* _Information provided_:

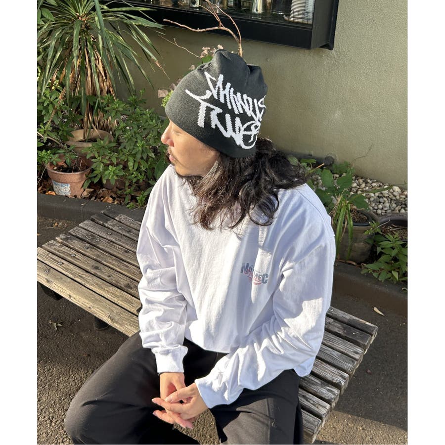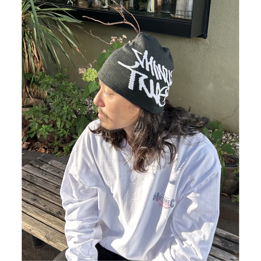 大胆なグラフィティデザインが目を引くニットキャップ。
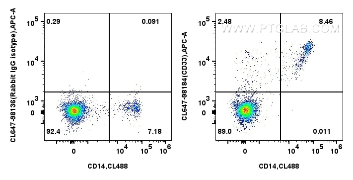 The CD33 antibody from Proteintech is a rabbit recombinant antibody to a recombinant protein of human CD33. This antibody recognizes human antigen. The CD33 antibody has been validated for the following applications: FC analysis. This antibody is coraliteR plus 647.
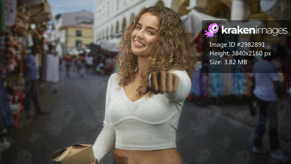 Young woman pointing hand forward holding a takeout box on a busy street; friendly invitation welcome joy.

* _Requirement_:
Where the material above includes pictures, omit them and retype everything else exactly.

* _Written response_:
 大胆なグラフィティデザインが目を引くニットキャップ。
 The CD33 antibody from Proteintech is a rabbit recombinant antibody to a recombinant protein of human CD33. This antibody recognizes human antigen. The CD33 antibody has been validated for the following applications: FC analysis. This antibody is coraliteR plus 647.
 Young woman pointing hand forward holding a takeout box on a busy street; friendly invitation welcome joy.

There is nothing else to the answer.